§ DATA FOR THIS EXERCISE

----------

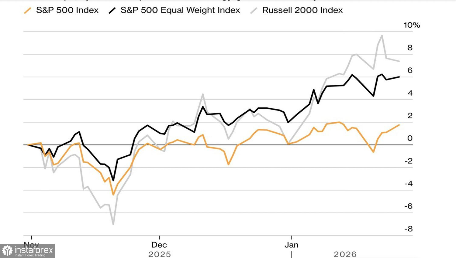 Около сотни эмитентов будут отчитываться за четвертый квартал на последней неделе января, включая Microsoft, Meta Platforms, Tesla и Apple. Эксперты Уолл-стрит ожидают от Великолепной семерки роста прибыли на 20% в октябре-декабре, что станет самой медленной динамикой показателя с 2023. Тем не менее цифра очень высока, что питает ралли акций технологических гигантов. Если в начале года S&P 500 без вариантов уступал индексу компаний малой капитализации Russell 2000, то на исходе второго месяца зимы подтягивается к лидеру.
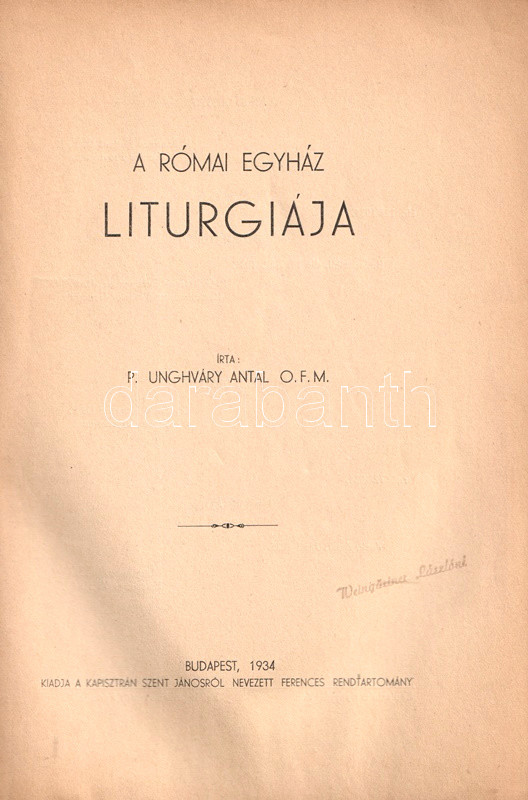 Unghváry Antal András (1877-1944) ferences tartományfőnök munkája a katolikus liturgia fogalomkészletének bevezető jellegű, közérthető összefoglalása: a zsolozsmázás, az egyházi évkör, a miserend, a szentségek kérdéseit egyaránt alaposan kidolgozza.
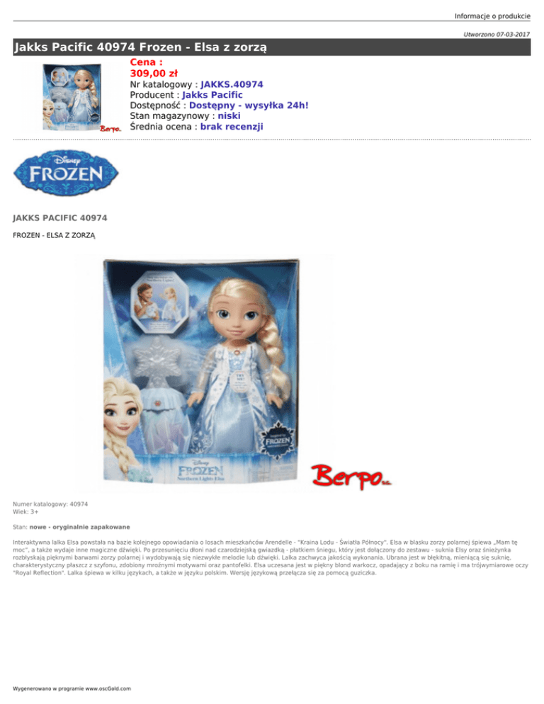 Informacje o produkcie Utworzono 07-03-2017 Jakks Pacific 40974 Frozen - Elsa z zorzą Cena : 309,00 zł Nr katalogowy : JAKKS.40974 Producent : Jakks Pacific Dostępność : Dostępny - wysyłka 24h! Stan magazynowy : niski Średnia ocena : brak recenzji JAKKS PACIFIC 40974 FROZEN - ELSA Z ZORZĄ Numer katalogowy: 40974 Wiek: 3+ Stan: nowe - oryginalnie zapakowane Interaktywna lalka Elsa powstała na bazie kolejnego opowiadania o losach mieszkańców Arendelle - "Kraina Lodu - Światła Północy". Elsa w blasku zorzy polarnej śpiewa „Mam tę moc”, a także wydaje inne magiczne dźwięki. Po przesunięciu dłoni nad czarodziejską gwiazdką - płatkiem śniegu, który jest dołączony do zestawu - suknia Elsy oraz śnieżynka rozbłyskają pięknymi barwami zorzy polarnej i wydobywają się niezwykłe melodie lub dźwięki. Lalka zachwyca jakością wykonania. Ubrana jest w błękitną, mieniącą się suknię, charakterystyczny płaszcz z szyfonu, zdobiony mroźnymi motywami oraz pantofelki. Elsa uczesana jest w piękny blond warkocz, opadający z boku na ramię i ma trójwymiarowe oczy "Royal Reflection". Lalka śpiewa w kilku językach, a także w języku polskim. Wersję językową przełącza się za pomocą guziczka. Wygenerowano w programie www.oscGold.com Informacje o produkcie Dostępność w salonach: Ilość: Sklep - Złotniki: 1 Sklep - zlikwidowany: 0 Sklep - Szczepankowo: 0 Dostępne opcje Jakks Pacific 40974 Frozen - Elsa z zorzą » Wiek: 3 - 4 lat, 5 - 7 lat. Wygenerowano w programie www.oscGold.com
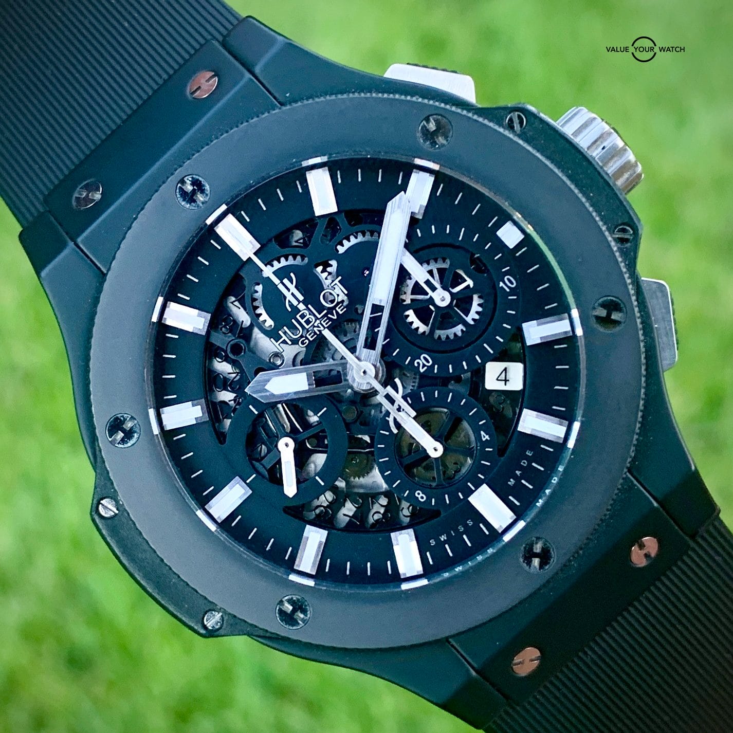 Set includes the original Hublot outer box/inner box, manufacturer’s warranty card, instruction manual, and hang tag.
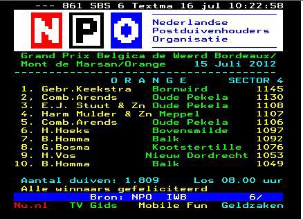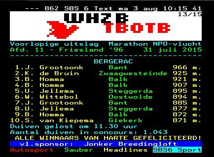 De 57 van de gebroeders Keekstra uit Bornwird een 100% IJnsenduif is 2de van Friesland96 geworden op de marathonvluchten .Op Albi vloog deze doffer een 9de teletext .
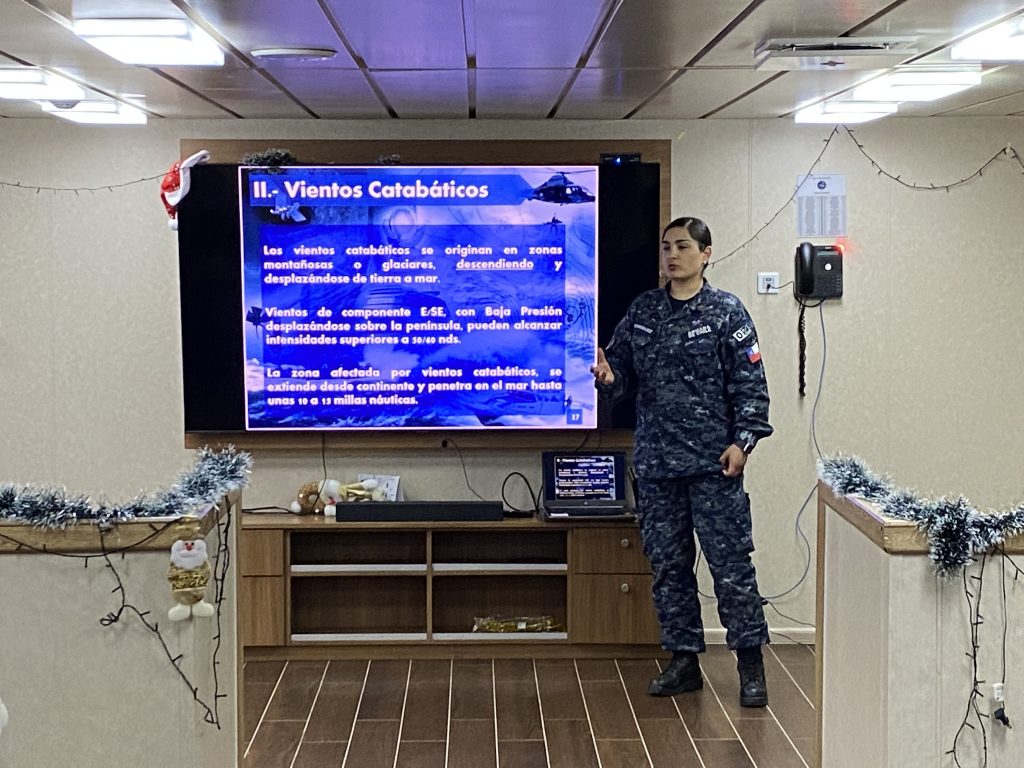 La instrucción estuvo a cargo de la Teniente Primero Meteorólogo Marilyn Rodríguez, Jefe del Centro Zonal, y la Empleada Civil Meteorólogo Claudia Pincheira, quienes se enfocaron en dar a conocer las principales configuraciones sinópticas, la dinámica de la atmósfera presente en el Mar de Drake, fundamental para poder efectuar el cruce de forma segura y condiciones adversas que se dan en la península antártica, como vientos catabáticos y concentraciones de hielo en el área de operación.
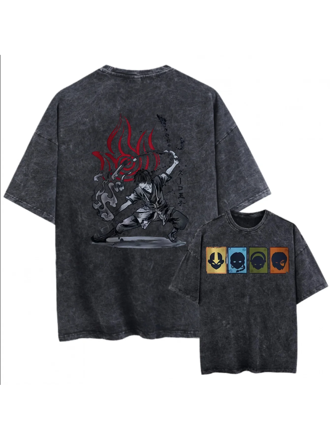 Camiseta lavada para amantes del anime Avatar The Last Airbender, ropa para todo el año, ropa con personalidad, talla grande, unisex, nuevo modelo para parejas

----------

§ AIM OF THE TASK
Each line of the data above must be repeated exactly, images excluded.

§ EXERCISE OUTPUT
 Около сотни эмитентов будут отчитываться за четвертый квартал на последней неделе января, включая Microsoft, Meta Platforms, Tesla и Apple. Эксперты Уолл-стрит ожидают от Великолепной семерки роста прибыли на 20% в октябре-декабре, что станет самой медленной динамикой показателя с 2023. Тем не менее цифра очень высока, что питает ралли акций технологических гигантов. Если в начале года S&P 500 без вариантов уступал индексу компаний малой капитализации Russell 2000, то на исходе второго месяца зимы подтягивается к лидеру.
 Unghváry Antal András (1877-1944) ferences tartományfőnök munkája a katolikus liturgia fogalomkészletének bevezető jellegű, közérthető összefoglalása: a zsolozsmázás, az egyházi évkör, a miserend, a szentségek kérdéseit egyaránt alaposan kidolgozza.
 Informacje o produkcie Utworzono 07-03-2017 Jakks Pacific 40974 Frozen - Elsa z zorzą Cena : 309,00 zł Nr katalogowy : JAKKS.40974 Producent : Jakks Pacific Dostępność : Dostępny - wysyłka 24h! Stan magazynowy : niski Średnia ocena : brak recenzji JAKKS PACIFIC 40974 FROZEN - ELSA Z ZORZĄ Numer katalogowy: 40974 Wiek: 3+ Stan: nowe - oryginalnie zapakowane Interaktywna lalka Elsa powstała na bazie kolejnego opowiadania o losach mieszkańców Arendelle - "Kraina Lodu - Światła Północy". Elsa w blasku zorzy polarnej śpiewa „Mam tę moc”, a także wydaje inne magiczne dźwięki. Po przesunięciu dłoni nad czarodziejską gwiazdką - płatkiem śniegu, który jest dołączony do zestawu - suknia Elsy oraz śnieżynka rozbłyskają pięknymi barwami zorzy polarnej i wydobywają się niezwykłe melodie lub dźwięki. Lalka zachwyca jakością wykonania. Ubrana jest w błękitną, mieniącą się suknię, charakterystyczny płaszcz z szyfonu, zdobiony mroźnymi motywami oraz pantofelki. Elsa uczesana jest w piękny blond warkocz, opadający z boku na ramię i ma trójwymiarowe oczy "Royal Reflection". Lalka śpiewa w kilku językach, a także w języku polskim. Wersję językową przełącza się za pomocą guziczka. Wygenerowano w programie www.oscGold.com Informacje o produkcie Dostępność w salonach: Ilość: Sklep - Złotniki: 1 Sklep - zlikwidowany: 0 Sklep - Szczepankowo: 0 Dostępne opcje Jakks Pacific 40974 Frozen - Elsa z zorzą » Wiek: 3 - 4 lat, 5 - 7 lat. Wygenerowano w programie www.oscGold.com
 Set includes the original Hublot outer box/inner box, manufacturer’s warranty card, instruction manual, and hang tag.
 De 57 van de gebroeders Keekstra uit Bornwird een 100% IJnsenduif is 2de van Friesland96 geworden op de marathonvluchten .Op Albi vloog deze doffer een 9de teletext .
 La instrucción estuvo a cargo de la Teniente Primero Meteorólogo Marilyn Rodríguez, Jefe del Centro Zonal, y la Empleada Civil Meteorólogo Claudia Pincheira, quienes se enfocaron en dar a conocer las principales configuraciones sinópticas, la dinámica de la atmósfera presente en el Mar de Drake, fundamental para poder efectuar el cruce de forma segura y condiciones adversas que se dan en la península antártica, como vientos catabáticos y concentraciones de hielo en el área de operación.
 Camiseta lavada para amantes del anime Avatar The Last Airbender, ropa para todo el año, ropa con personalidad, talla grande, unisex, nuevo modelo para parejas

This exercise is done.